Abstract
Background
Globally, studies show that patients with a higher body mass index (BMI) are at increased risk for severe sequelae of SARS-CoV2 infection, increasing the need for hospitalization and mechanical ventilation, ultimately increasing the risk of mortality.
Study Design
This study considers 18 comorbidities and mortality in 229 out of 1082 patients admitted to Northeast Alabama Regional Medical Center for SARS-CoV2 infection between May 2020 and January 2021. All statistical analyses were performed in Microsoft Excel and R Studio.
Results
Using mortality as the primary outcome among five BMI classes (<18, 18-25, 25-30, 30-35, and >35), Fisher’s exact test was significant for goodness of fit (p=0.010) but not significant for independence (p=0.92). Ventilation requirements increased with BMI (p=0.0070), but did not increase mortality across weight classes (p=0.30). Cox proportional hazards adjusted for Age and CKD stage captured 34/41 total deaths and yielded a significant model (p=0.0030, 6df, concordance 0.702).
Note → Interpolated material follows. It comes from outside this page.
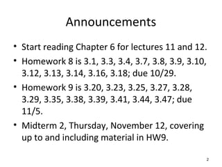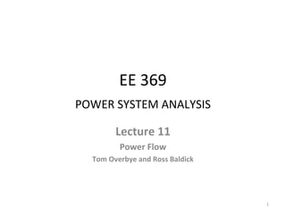 This document discusses a lecture on power flow analysis in a power systems engineering course. It provides announcements about homework assignments and an upcoming midterm exam. It also discusses examples of the Gauss two bus power flow method and the inclusion of PV generator buses in the Gauss-Seidel iteration method. Key concepts covered include slack buses, generator reactive power limits, and methods to accelerate Gauss-Seidel convergence.

For the same length of stay, every additional year of age corresponds to a 2% increase in mortality (HR 1.019, 95% CI [1.008, 1.029], p=0.00050).
Conclusions
In our sample of community hospital patients, BMI is not a significant predictor of mortality, although higher BMI is associated with increased need for mechanical ventilation. Age is a significant predictor of mortality, which has been well established. Limitations include small sample size (n=226 with 41 deaths) and inconsistent documentation of covariables in the medical records. Ongoing data collection may elucidate potential deviation from the globally reported association between obesity and SARS-CoV2 mortality.